Cuando llegaba la hora, que era ya la madrugada par caso, que estábamos todos cansados de baile y muchos hasta estaban borrachos, pues entonces se decía que tenían que acostarse los novios. Los invitados unos se acostaban, otros se quedaban con todas su tragedias de bebidas y demás. Se tumbaban en las cabeceras que les preparábamos. Cuando se acostaban los novios, pues la boda se remataba.
Loly que sigue junto a nosotros, habla otra vez y dice:
- Pero si no te dejaban que te acostaras.
-¡Vaya! Entonces sí se acostaba una. Los padres de los novios, cuando ya faltaban un par de hora para el amanecer, decían: AHay que dejar que se acuesten los novios”. Después de todo esta juerga, nosotros pues nos acostábamos un rato. A bregar un poquillo ¿Qué íbamos a hacer? Danos cuatro besos y sea los que Dios quiera.

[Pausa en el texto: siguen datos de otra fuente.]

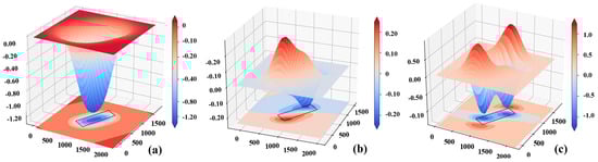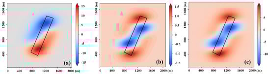 (a) Vertical displacement field (m), (b) horizontal displacement field (m), and (c) horizontal movement field (mm/m) derived by retrieved parameters and PIM principle for the mining area; the black rectangle denotes the working face.

- Cuenta lo de la serenata.
- Ya era, un suponer, amaneciendo, a tocar la serenata a los novios. No nos dejaban ni dormir. Principiaban con las guitarras en la puerta del cuarto y aquello liaban un traqueteo de tocar y de cantarnos coplas que era Aescojonarte”. Ya te espantaban y te tenías que levantar porque no se iban de la puerta. Nos levantábamos y entonces principiaban a darnos pan de aceite, chocolate, café. Cada uno de lo que quisiera. Eran unas bodas preciosas. Unas bodas serranas de verdad.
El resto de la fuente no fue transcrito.